Nevertheless, it has become standard to flatten these traits into one category. This is done so a direct line may be drawn from the women’s and civil rights movements of the past to the LGBTQ activism of the present. Even though the issues are profoundly different, they’re treated as interchangeable points along the progressive march of human history.

The snare of historical arrogance

Such a pursuit of the right side of history leads to a sense of historical arrogance. When we look at our forebears, we note that they approved of slavery. They didn’t allow women to own property, to seek higher education or to vote. They forced children into hard labour in factories and mines. They believed some races were inferior to others.

But eventually we came to recognize the error of those ways. We rejected them, moved beyond them (at least in theory). And from that vantage point, it becomes deceptively easy to see ourselves as more advanced, as culturally superior to those who came before us. We begin to assume that our own generation’s beliefs and values are intrinsically correct, or at least more so than those of our predecessors.

In the process, we forget that our forebears compared themselves in the same way to their own predecessors. They also viewed their own culture as the pinnacle of history up to that point. Dictators such as Stalin, Hitler and Mao Zedong felt they were on the right side of history as well. So did scientists in the early 20th century who promoted the racist theory of eugenics and advocated the enforced sterilization of minorities, the poor and the disabled.
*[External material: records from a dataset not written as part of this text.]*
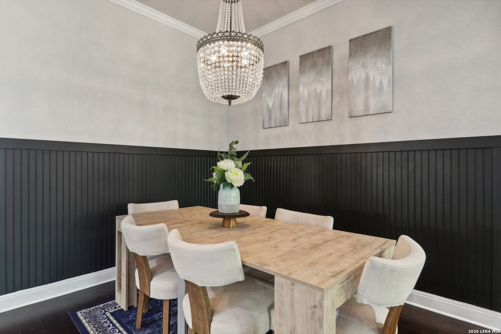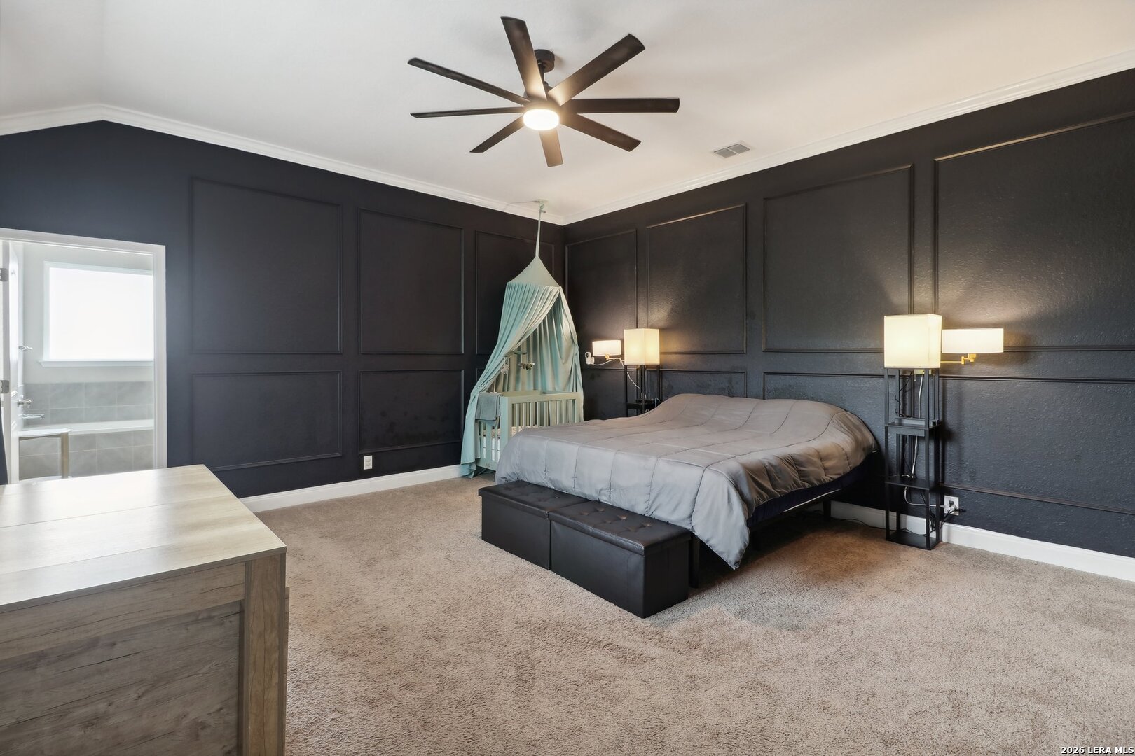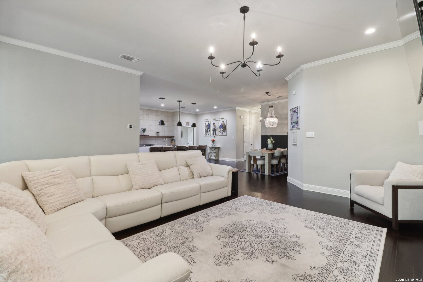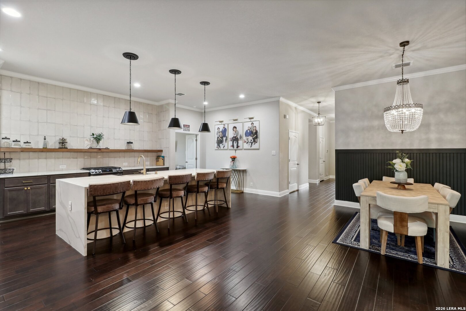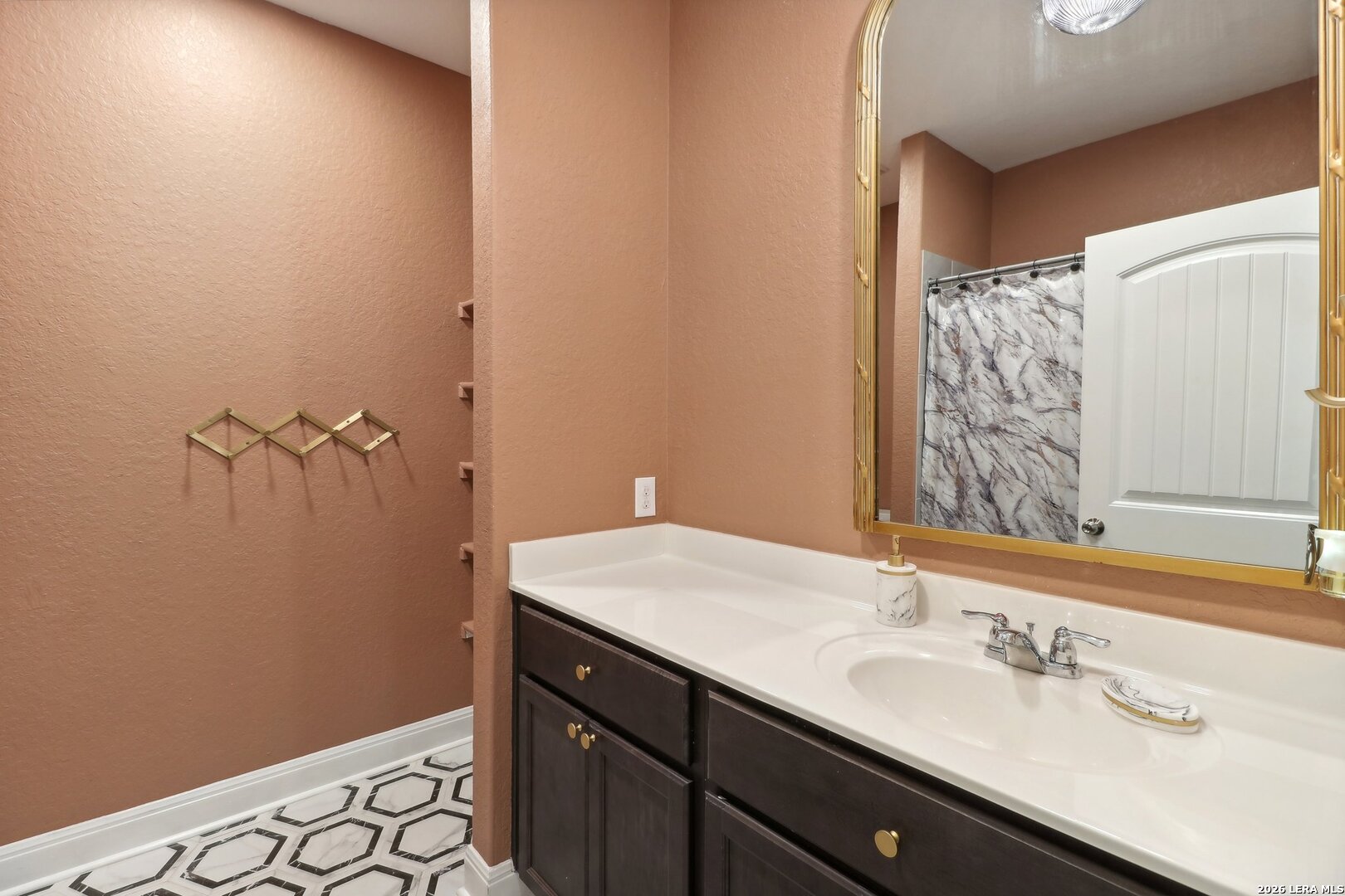Set within the sought after Valley Ranch community and part of the Northside ISD school district, this one story home in San Antonio features a striking all brick and stone exterior paired with a thoughtfully designed open concept floorplan. Inside, high ceilings and recessed lighting enhance the spacious feel, complemented by durable luxury vinyl plank flooring throughout. The modern kitchen serves as a true focal point, showcasing granite countertops, a dramatic floor to ceiling backsplash, and a large waterfall island with seating for up to six, ideal for gatherings and everyday use. The layout flows seamlessly into the main living areas, creating a functional and inviting space. Offering 5 bedrooms, the property provides flexibility for a variety of needs. The primary suite includes a walk in closet with custom shelving, adding both convenience and organization. Step outside to a large backyard with a covered patio, perfectly positioned to back up to a greenbelt, providing added privacy and a natural backdrop. Additional features include solar panels, contributing to energy efficiency and long term savings.
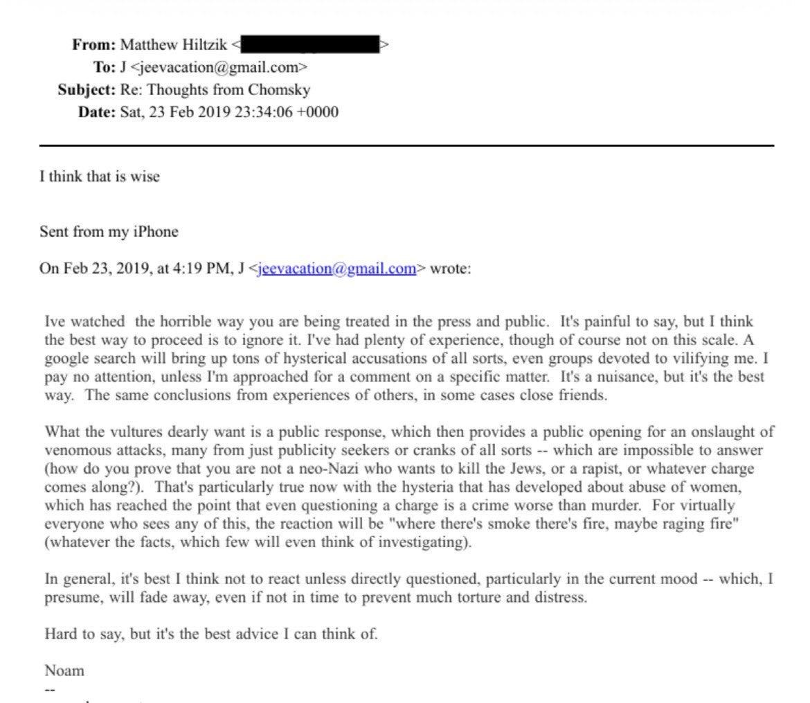 Chomsky’s Wikipedia article has a section on his friendship with Epstein. It mentions Chomsky wanting to take his wife to visit Epstein in the Caribbean, which seems an unlikely thing to do if he believed the allegations. But it also sounds like he was was way too dismissive of sexual misconduct allegations in general.
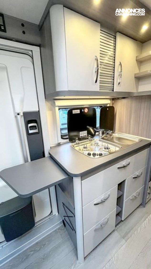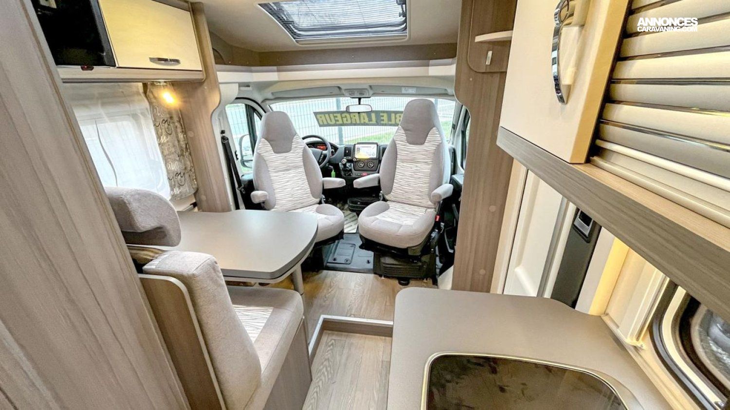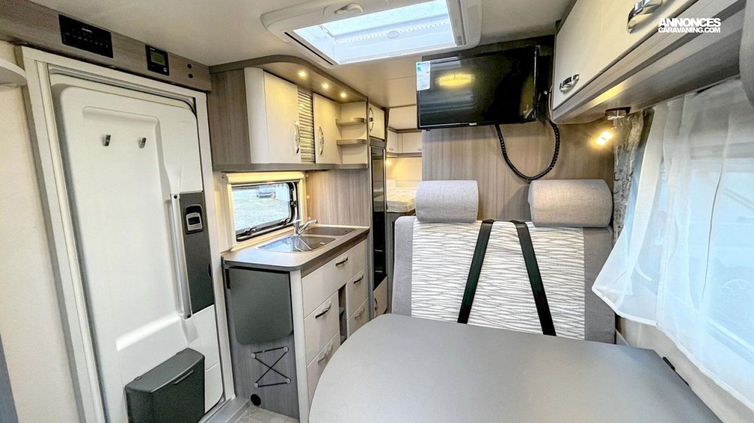 Double porte de soute : Options : Caméra de reculAutoradio multimédia Bluetooth ( Apple CarPlay & Android auto)Store banneLumière de seuil extérieure ledMarche pied électriquePanneau solaireGrand réfrigérateur 133L double accès avec freezer trimix automatiqueTV 22’ + Antenne satellite automatiqueÉclairage d’ambiance Full LedChauffage Truma Combi 6000 Watts+ chauffe-eau à gazEaux usées isolées et chauffées Séparation jour/nuitCuisine droite + Salon face routeRéchaud 3 feux gaz + Évier InoxRallonge de plan de travail amoviblesRallonge de table à mangerPenderies sous lit arrièreDouche avec paroi rigideSalle d’eau et WCJantes alu 16’Contrôle de descente et de traction intelligentAirbag conducteur et passagerClimatisation de cabine avantABS, EBD, ESPRégulateur de vitesseBarres stabilisatrices avant et arrièrePack électrique ( Vitres électriques, Rétroviseurs électriques chauffants, verrouillage centralisé…)Sièges avants Captain Chair pivotantsEmplacement 2 bouteilles de gaz 13 Kg et rails coulissantsSoute arrière spacieuse, double accès, revêtement antidérapant, œillets d'arrimage, éclairage intérieur et capacité de charge à 150kg...

Tim Keller once observed that it’s tempting to look back at our parents and grandparents, and shake our heads at some of the things they thought and did. But when we do so, Keller warned, we need to keep in mind that our own children and grandchildren will also likely shake their heads when they look back at us.

There’s an old adage that says we can see everything clearly by the light of the sun, but if we try looking right at it, we’ll go blind. History is the same. We can study the past, appreciate its triumphs and learn from its mistakes. However, if we turn within ourselves and try to judge our own place in history, it’s inevitable that our perception will be distorted and our conclusions incorrect. Such judgments are best left to those who come after us.

Then again, history really is a thing

The ancient Greeks believed history was governed by fate, personified as three sisters, Clotho, Lachesis and Atropos. Clotho spun the thread of our lives, Lachesis measured it out, and Atropos, whose name means “she who cannot be turned,” cut it. Even the gods were subject to the fates; nothing and no one could escape their destiny.

Modern thinkers such as Marx and Hegel have refined this harsh determinism, portraying history as a dialectic river, winding its way toward a utopian promised land. It’s an idea that has captured the Western secular mind and continues to bear its fruit, for good or for ill, in the arena of public opinion.

But as a realistic explanation of history, it’s no more viable than the notion of three women working at a loom, weaving the thread of fate. History isn’t an impersonal force that aims at a goal and defines its own sense of right and wrong. Moreover, we’re not puppets bobbing along in its currents, trying to align ourselves with its most correct channel.

God designed us as volitional creatures who make real decisions with real consequences. At the same time, he so directs the entire course of events that all of those decisions and their consequences ultimately serve his purposes.

In its essence, history is the unfolding of God’s plans, from the creation of the world, to the fall of humanity, to the redemption Jesus accomplished on the cross, to the final restoration of all things in the new heaven and new earth.

And in the end, it’s only those who submit to God through faith in his Son who will find themselves on the right side of history.